Help on Sphinx3 Training and Decoding

Help
2016-03-06
2016-03-20
  • Senjam Shantirani

    Query 1: PLEASE COMMENT IF MY TRAING IS FINE BASE ON THE POINTS a) & b) MENTIONED BELOW.

    a) Training ended like shown below,


    0% 10% 20% 30% 40% 50% 60% 70% 80% 90% 100%
    This step had 2 ERROR messages and 0 WARNING messages. Please check the log file for details.
    Normalization for iteration: 7
    Current Overall Likelihood Per Frame = 1.92801139707547
    Split Gaussians, increase by 0
    Training for 8 Gaussian(s) completed after 7 iterations
    MODULE: 90 deleted interpolation
    Skipped for continuous models
    MODULE: 99 Convert to Sphinx2 format models
    Can not create models used by Sphinx-II.
    If you intend to create models to use with Sphinx-II models, please rerun with:
    $ST::CFG_HMM_TYPE = '.semi.' or
    $ST::CFG_HMM_TYPE = '.cont' and $ST::CFG_FEATURE = '1s_12c_12d_3p_12dd' and $ST::CFG_STATESPERHMM = '5'
    root@shanti-Satellite-C650:/home/PhoneModel/workspace#


    b) I got 20 folders in my model_parameters, each having the files mean, variance, transition_matrices and mixture weight.

    timit.cd_cont_1000
    timit.cd_cont_1000_1
    timit.cd_cont_1000_2
    timit.cd_cont_1000_4
    timit.cd_cont_1000_8
    timit.cd_cont_initial
    timit.cd_cont_untied
    timit.ci_cont
    timit.ci_cont_1
    timit.ci_cont_2
    timit.ci_cont_4
    timit.ci_cont_8
    timit.ci_cont_flatinitial
    timit.ci_cont_initial
    timit.falign_ci_cont
    timit.falign_ci_cont_1
    timit.falign_ci_cont_2
    timit.falign_ci_cont_4
    timit.falign_ci_cont_8
    timit.falign_ci_cont_initial

    Query 2: WITH THE ABOVE TRAINED DATA, I TRIED TO DO DECODING, BUT NOT SURE WHAT TO MODIFY IN THE

    This variables, used by the decoder, have to be user defined, and
    may affect the decoder output

    $DEC_CFG_LANGUAGEMODEL_DIR = "$DEC_CFG_BASE_DIR/etc";
    $DEC_CFG_LANGUAGEMODEL = "$DEC_CFG_LANGUAGEMODEL_DIR/timit.lm.DMP"; (WHAT TO WRITE HERE)
    $DEC_CFG_LANGUAGEWEIGHT = "10";
    $DEC_CFG_BEAMWIDTH = "1e-80";
    $DEC_CFG_WORDBEAM = "1e-40";

    But when I ran the command "perl scripts_pl/decode/slave.pl ", the error came like shown below:

    root@shanti-Satellite-C650:/home/PhoneModel/workspace# perl scripts_pl/decode/slave.pl
    MODULE: DECODE Decoding using models previously trained
    Decoding 4620 segments starting at 0 (part 1 of 1)
    0%
    This step had 2 ERROR messages and 7 WARNING messages. Please check the log file for details.
    Aligning results to find error rate
    Can't open /home/PhoneModel/workspace/result/timit-1-1.match
    word_align.pl failed with error code 65280 at scripts_pl/decode/slave.pl line 172.

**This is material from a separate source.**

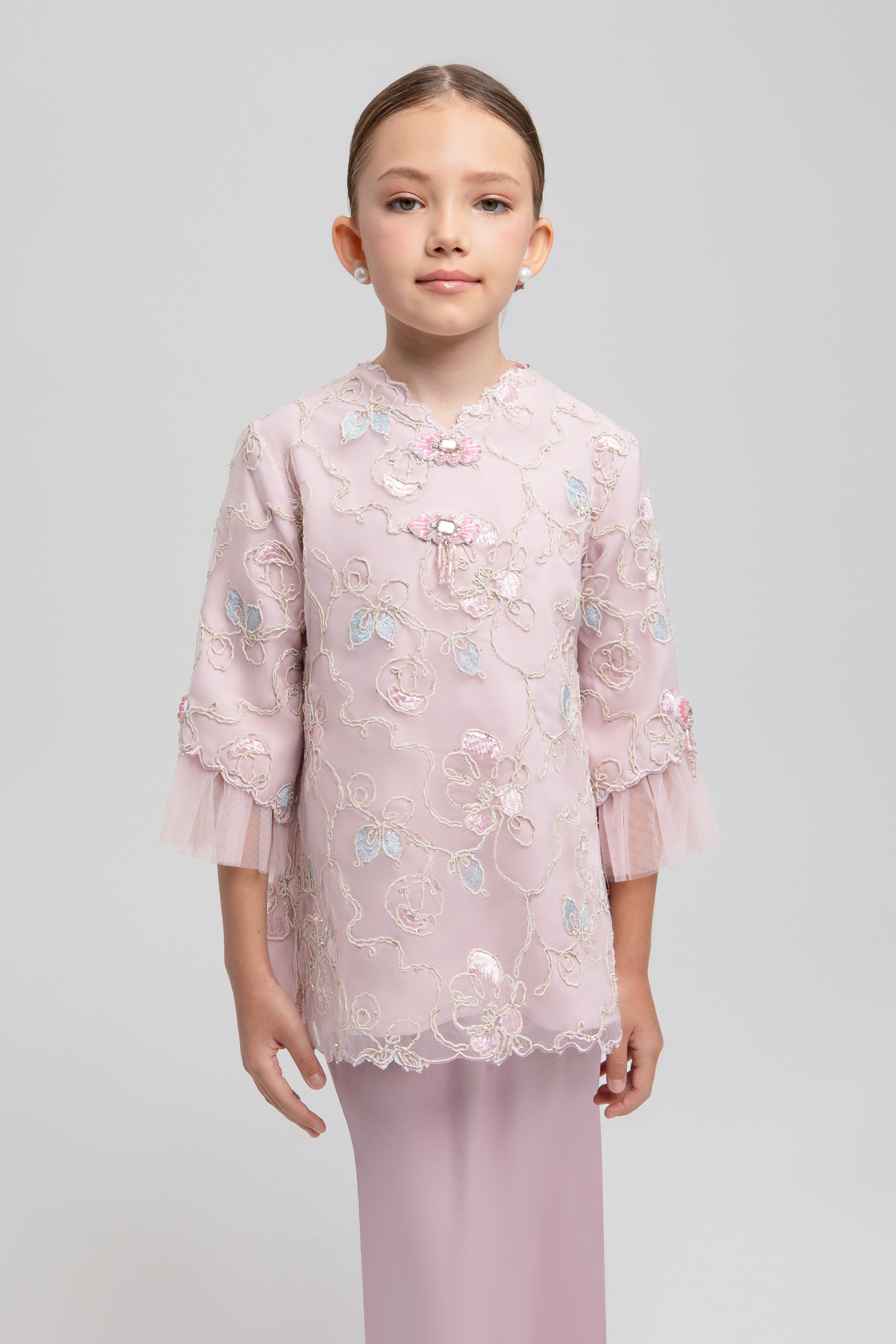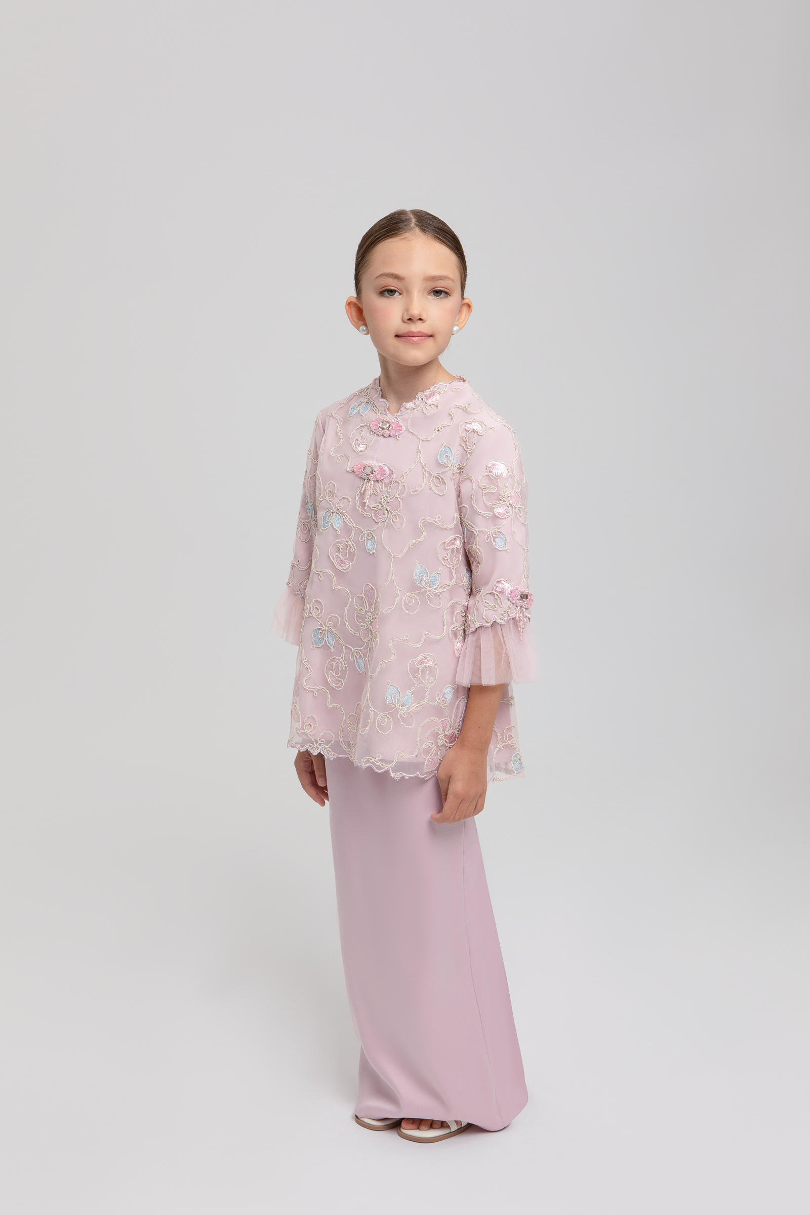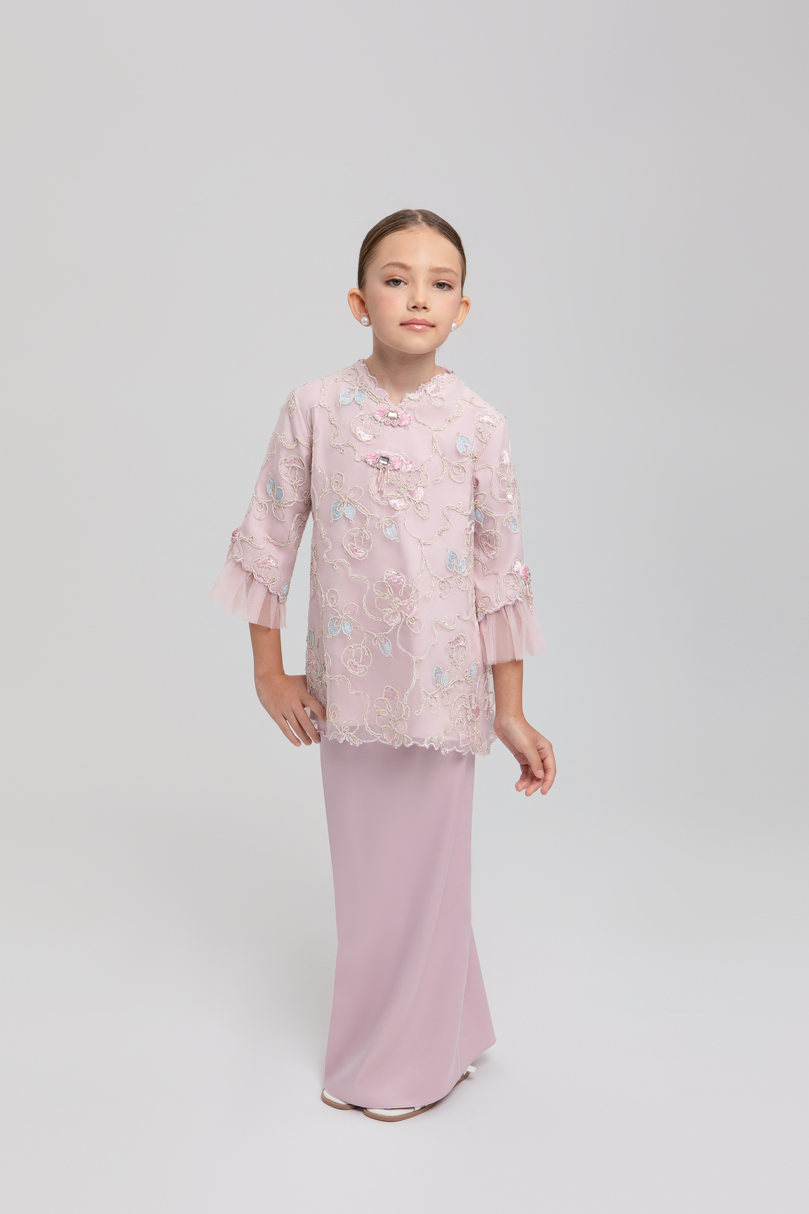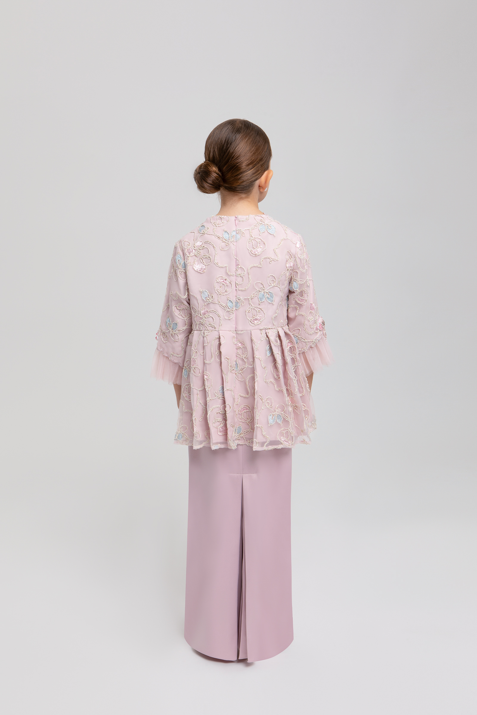 VALERINA KURUNG KIDS crafted from embroidered organdy with poly blend and full lining, features a V-neck with embroidered edges, 3D custom beading at the centre. pleated layered organdy sleeves, embroidered hem on top and sleeves, half pleated back top and back zipper, paired with a poly cotton blend pencil skirt with back zipper, back pleat, and full elastic waistband.

    In the logdir/decode, the error reported is:

    INFO: cont_mgau.c(510): Reading mixture weights file '/home/PhoneModel/workspace/model_parameters/timit.cd_cont_1000/mixture_weights'
    ERROR: "cont_mgau.c", line 653: Weight normalization failed for 12 senones
    INFO: cont_mgau.c(665): Read 1132 x 15 mixture weights
    INFO: cont_mgau.c(693): Removing uninitialized Gaussian densities
    9 10 11 48 49 50 79 90 91 92 263 264 265 510 511 512 790 844 845 846
    WARNING: "cont_mgau.c", line 767: 464 densities removed (20 mixtures removed entirely)
    INFO: cont_mgau.c(783): Applying variance floor
    INFO: cont_mgau.c(801): 613 variance values floored
    INFO: cont_mgau.c(849): Precomputing Mahalanobis distance invariants
    INFO: tmat.c(169): Reading HMM transition probability matrices: /home/PhoneModel/workspace/model_parameters/timit.cd_cont_1000/transition_matrices
    WARNING: "tmat.c", line 242: Normalization failed for tmat 16 from state 0
    WARNING: "tmat.c", line 242: Normalization failed for tmat 16 from state 1
    WARNING: "tmat.c", line 242: Normalization failed for tmat 16 from state 2
    WARNING: "tmat.c", line 242: Normalization failed for tmat 30 from state 0
    WARNING: "tmat.c", line 242: Normalization failed for tmat 30 from state 1
    WARNING: "tmat.c", line 242: Normalization failed for tmat 30 from state 2
    INFO: Initialization of tmat_t, report:
    INFO: Read 44 transition matrices of size 3x4
    INFO:
    INFO: dict.c(475): Reading main dictionary: /home/PhoneModel/workspace/etc/timit.dic
    INFO: dict.c(478): 133011 words read
    INFO: dict.c(483): Reading filler dictionary: /home/PhoneModel/workspace/etc/timit.filler
    INFO: dict.c(486): 3 words read
    INFO: Initialization of dict_t, report:
    INFO: No of CI phone: 0
    INFO: Max word: 137110
    INFO: No of word: 133014
    INFO:
    INFO: lm.c(606): LM read('/home/PhoneModel/workspace/etc/timit.lm.DMP', lw= 10.00, wip= 0.20, uw= 0.70)
    INFO: lm.c(608): Reading LM file /home/PhoneModel/workspace/etc/timit.lm.DMP (LM name "default")
    SYSTEM_ERROR: "lm_3g_dmp.c", line 1270: fopen(/home/PhoneModel/workspace/etc/timit.lm.DMP,rb) failed
    ; No such file or directory
    Sun Mar 6 21:00:32 2016

    I cant find the file /result/timit-1-1.match in the result folder.

    Thanking you,
    Shanti

     
  • Senjam Shantirani

    After digging further, I learn the issue is absence if Language Model, I created one uisng the LMTOOL

    http://www.speech.cs.cmu.edu/tools/lmtool-new.html

    and modified the sphinx_decode.cfg with the new LM:
    $DEC_CFG_LANGUAGEMODEL = "$DEC_CFG_LANGUAGEMODEL_DIR/timit.lm";

    Then, execution gave rise to the generation of timit-1-1.match in the result folder, in the main working folder and finally got the WER and SER.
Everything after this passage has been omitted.